• [Task] Everything in the listing must be repeated exactly, apart from the images.

• [The data]
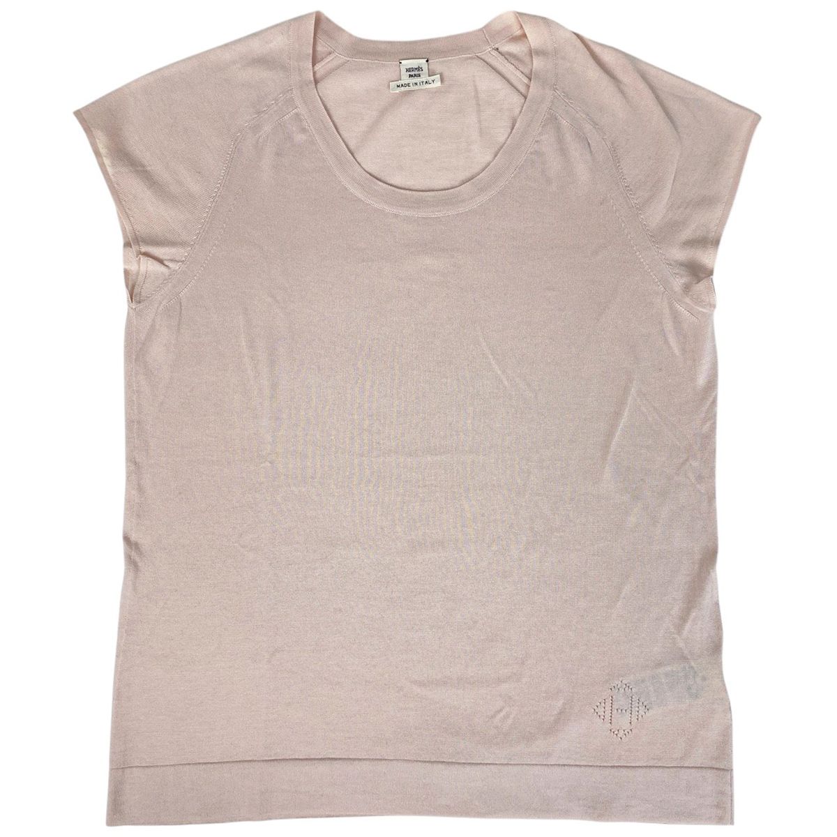 エルメス HERMES クルーネック カットソー 半袖 トップス 綿 絹 ピンク レディース
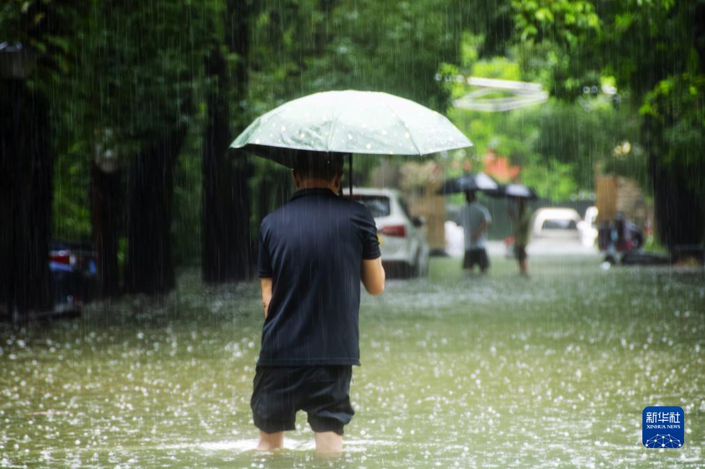 7月29日,位于福州市福新路上的某小區積水嚴重,一名市民涉水回家。
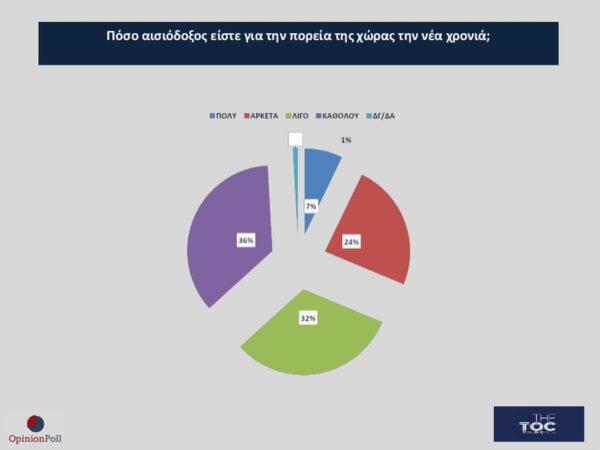 - Υπάρχει μια απαισιοδοξία για την πορεία της χώρας τη νέα χρονιά, κλίμα απαισιοδοξίας που εκφράζεται από τη μεγάλη πλειοψηφία του πληθυσμού, δηλαδή το 67.8% , ενώ αισιόδοξοι εμφανίζονται το 31.3%.
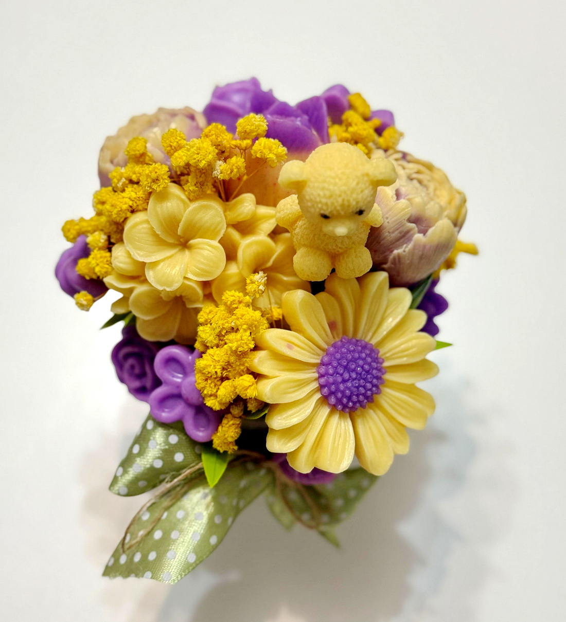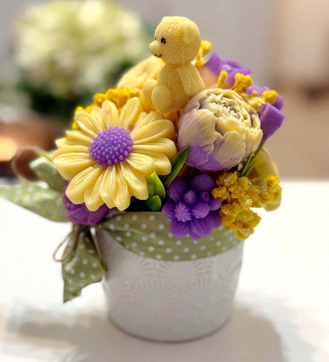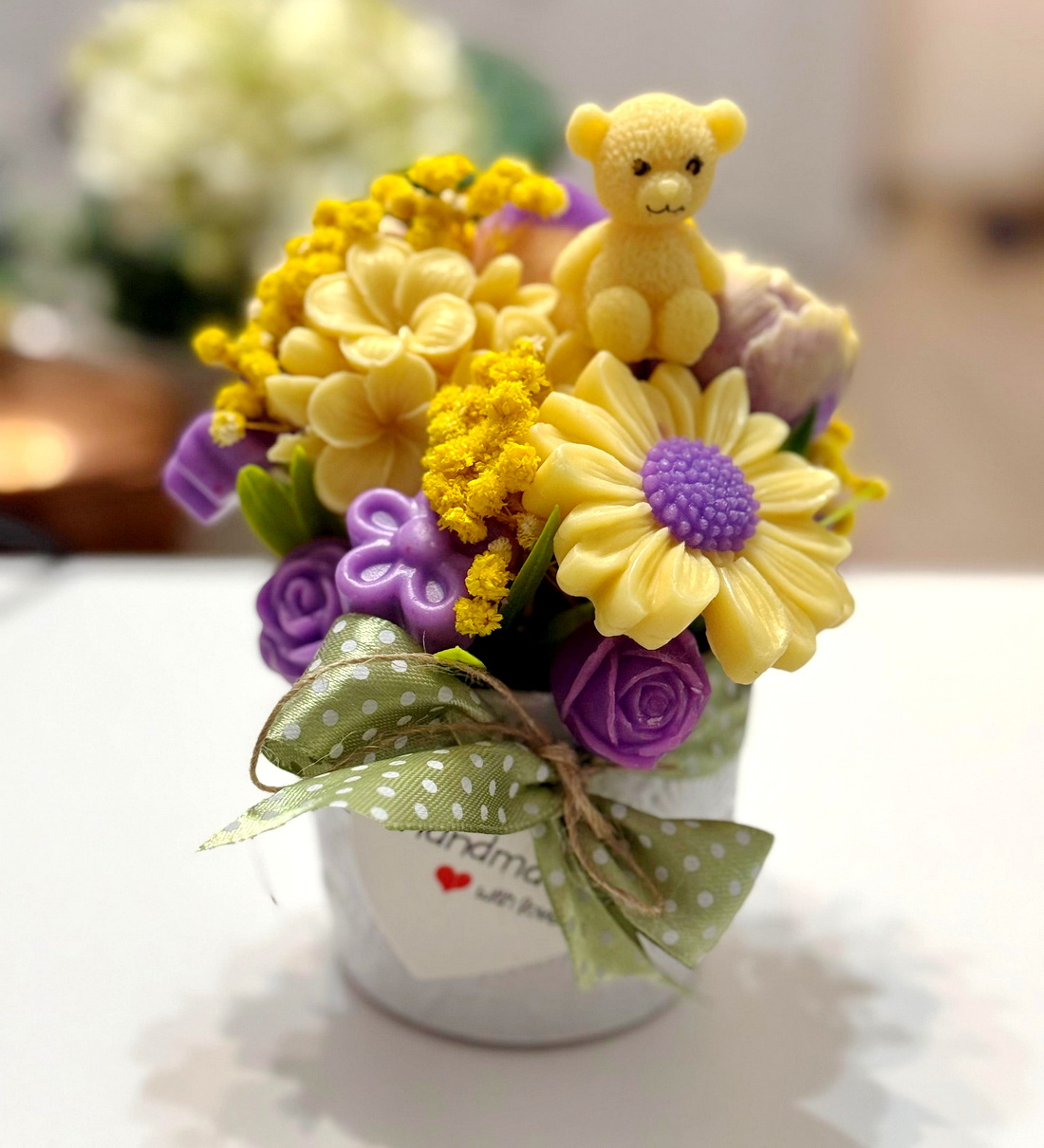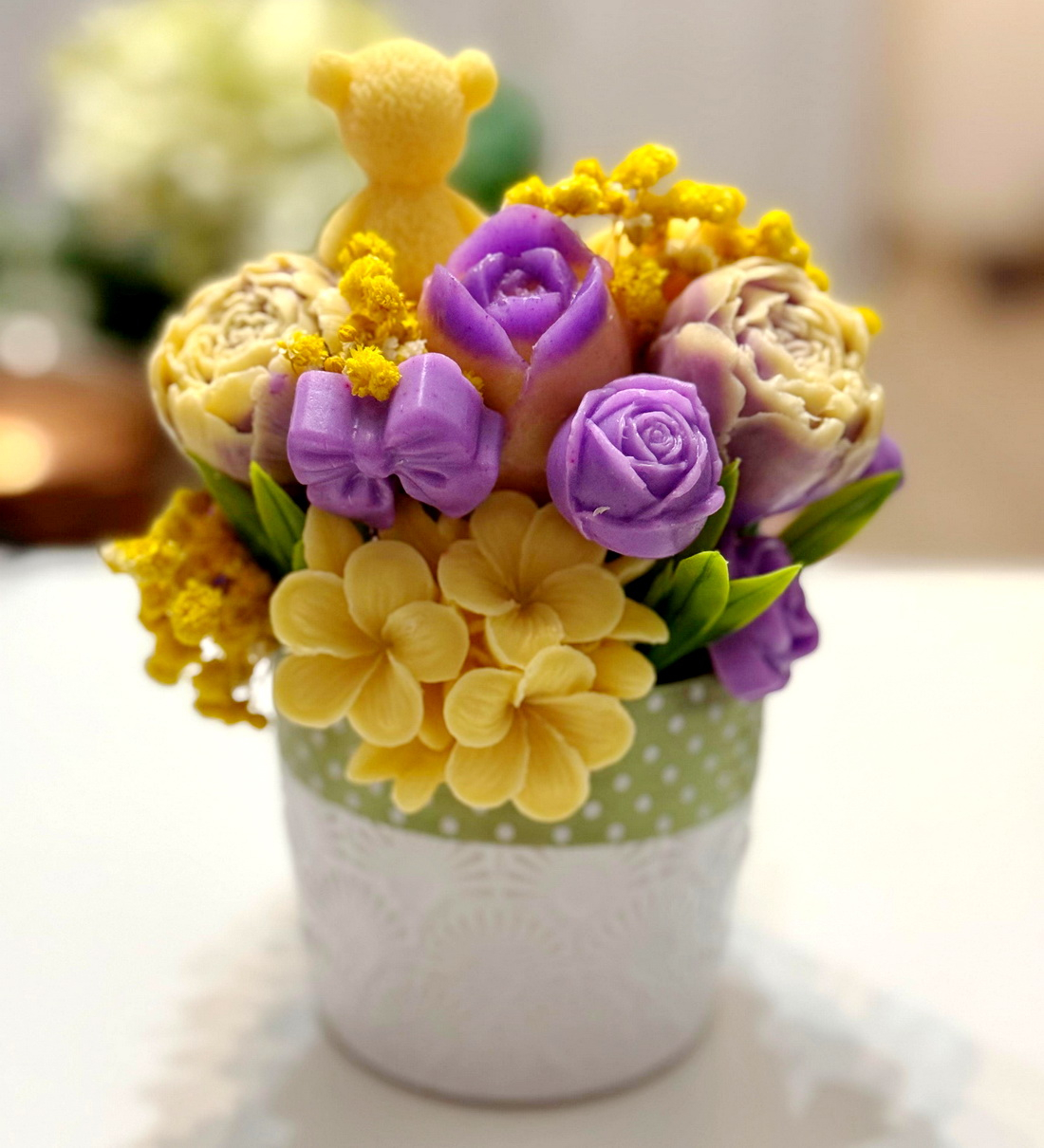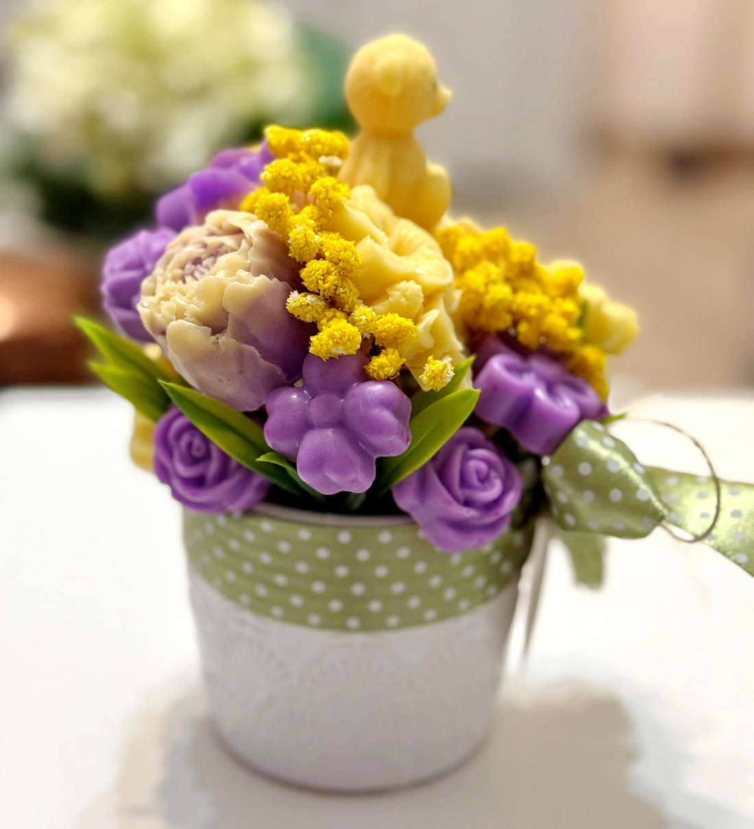 Fiecare aranjament cu flori din săpun este turnat individual. Aranjamentele sunt unicat, culorile florilor fiind diferite.

• [Exercise output]
 エルメス HERMES クルーネック カットソー 半袖 トップス 綿 絹 ピンク レディース
 7月29日,位于福州市福新路上的某小區積水嚴重,一名市民涉水回家。
 - Υπάρχει μια απαισιοδοξία για την πορεία της χώρας τη νέα χρονιά, κλίμα απαισιοδοξίας που εκφράζεται από τη μεγάλη πλειοψηφία του πληθυσμού, δηλαδή το 67.8% , ενώ αισιόδοξοι εμφανίζονται το 31.3%.
 Fiecare aranjament cu flori din săpun este turnat individual. Aranjamentele sunt unicat, culorile florilor fiind diferite.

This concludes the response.